Of those early efforts good judges have spoken with much approbation;-they were deficient in grace, but true to nature, and remarkable for their fidelity of resemblance. He painted with small pencils, and finished more highly than when his hand had attained more mastery. Lord Bateman was one of his earliest patrons, and employed him to paint old men and travelling mendicants: sitters such as those neither alarmed the rustic artist with their dignity, nor annoyed him with their remarks-they sat in silent wonder, and beheld the second creation of their persons-then rose, and thought him a wondrous lad. By this practice his hand attained that ready and dashing freedom of manner, which was so much his friend when more fastidious heads came to his easel. His usual price, when he was sixteen years of age, was seven shillings and sixpence for a portrait. But of all the works which he painted in those probationary days, that which won the admiration of the good people of Truro most was a parrot walking down his perch: all the living parrots that saw it acknowledged the resemblance. So much was he charmed with his pursuit and his prospects, that when Wolcot asked him how he liked painting, "Better," he answered, "than bread and

meat."

In the twentieth year of his age our limner formed the resolution of visiting London, and set out for

the great city under the protection of Wolcot. It is said, that the poet and the painter held a consultation upon the rustic sound of Oppy, and both uniting in opinion that it was vulgar and unmusical, changed it to Opie-a name owned by an old Cornish family. The alteration was immaterial, for they are both evidently the same name: but under all the external advantages which Opie could claim over Oppy, he was presented to Sir Joshua Reynolds. He had not as yet determined on having himself announced, in the blazonry of prose and verse, as the "Wonderful Cornishman," on whom nature had spontaneously, without study, dropped down the gifts of art: the President received him courteously, gave him some advice, and desired to see him again. He evidently did not consider this new marvel at all marvellous.

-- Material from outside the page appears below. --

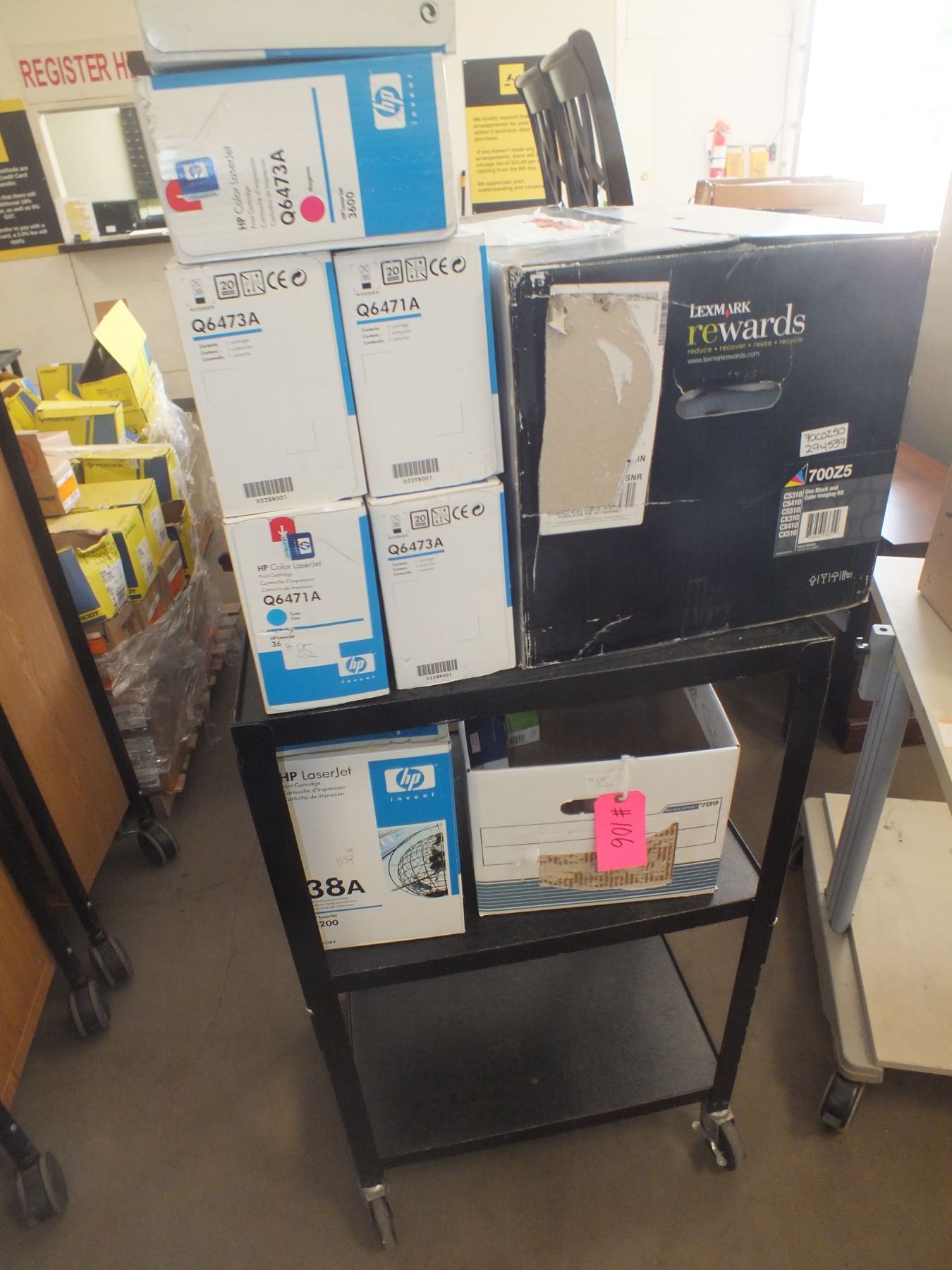 Toner Lot w/ Black Cart On Wheels...used

To rise by silent and slow degrees to fame suited ill with the rustic impatience of Opie, and worse with the vanity of Wolcot, who desired to amaze the town by proclaiming a prodigy. Peter Pindar was right for once. Nothing is more capricious than public taste: its huge appetite for wonders requires daily food; and it swallows all with the ravenous avidity with which the giant gulped the wine of Ulysses, and cried, with his half-breathless voice, "More!-Give me more!-This is divine!" Even if the candidate for its fickle approbation wants original genius to carry him triumphantly onwards, he may, nevertheless, have address enough to secure a fortune before his deficiency is discovered-or the huzza rises on the appearance of another new wonder. All this was present to the mind of the sagacious satirist : he took his measures accordingly, and the wealthy and titled hordes, who professed taste and virtù, and were absolute in art and literature, came swarming out to behold "the Cornish Wonder"-for as such the patron announced the painter.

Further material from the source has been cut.